_Material provided_.
┌──
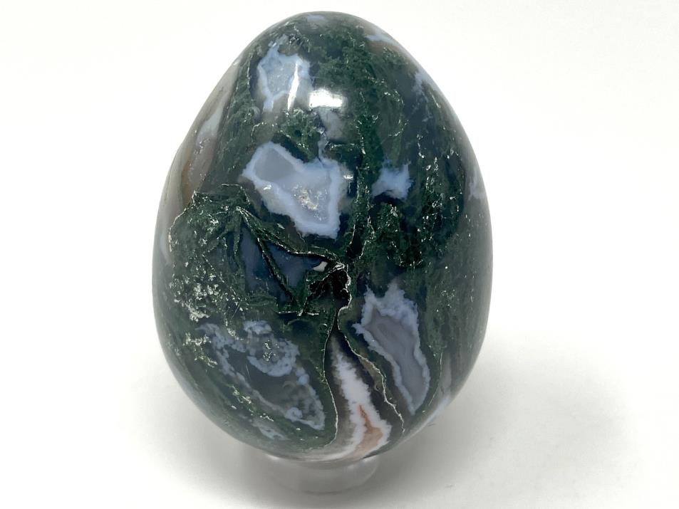 This Druzy Moss Agate Egg showcases stunning milky White Quartz/ White Agate and gorgeous translucent Blue-Grey Agate/ Blue-Grey Chalcedony adorned with dark and verdant green tree-like, moss-like dendritic patterns.
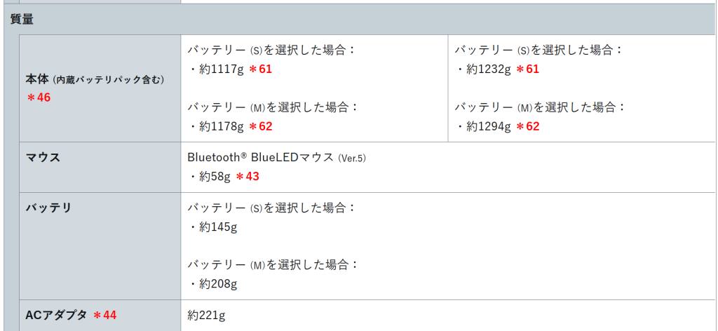LAVIE Direct N14 Slimは、ディスプイとバッテリーの大きさにより、重さが変わります。約1.1kgの構成とするには、タッチネルでバッテリーSとする必要があります。
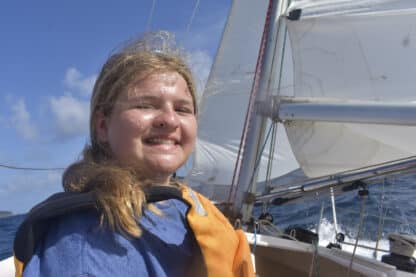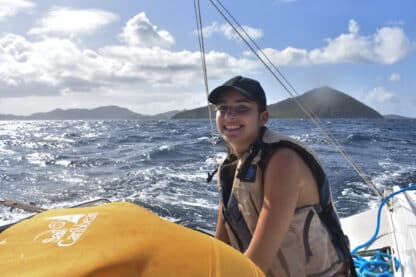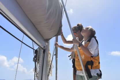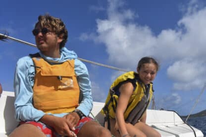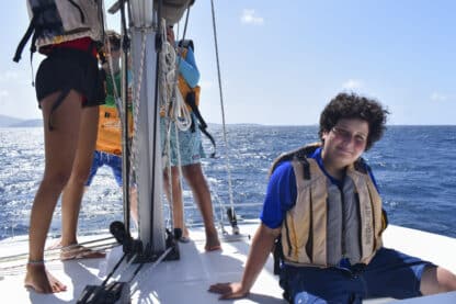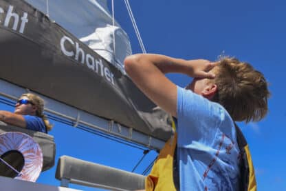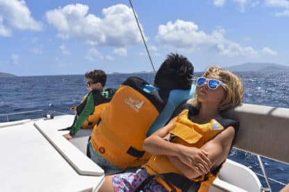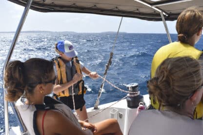 Today, we woke up at the beautiful Lee Bay and started preparing breakfast, which included bacon and eggs. Shortly after, we upanchored and traversed out of the bay, with the skipper of the day, Ellie, and first mate/navigator Maria working together to keep our heading. Despite the very windy conditions of 25 knots, we successfully raised the main sail with two reefs, followed by the jib.
└──
_What is needed_. Transcribe the whole listing exactly as it stands, apart from the pictures.

_Solution below_.
 This Druzy Moss Agate Egg showcases stunning milky White Quartz/ White Agate and gorgeous translucent Blue-Grey Agate/ Blue-Grey Chalcedony adorned with dark and verdant green tree-like, moss-like dendritic patterns.
LAVIE Direct N14 Slimは、ディスプイとバッテリーの大きさにより、重さが変わります。約1.1kgの構成とするには、タッチネルでバッテリーSとする必要があります。
 Today, we woke up at the beautiful Lee Bay and started preparing breakfast, which included bacon and eggs. Shortly after, we upanchored and traversed out of the bay, with the skipper of the day, Ellie, and first mate/navigator Maria working together to keep our heading. Despite the very windy conditions of 25 knots, we successfully raised the main sail with two reefs, followed by the jib.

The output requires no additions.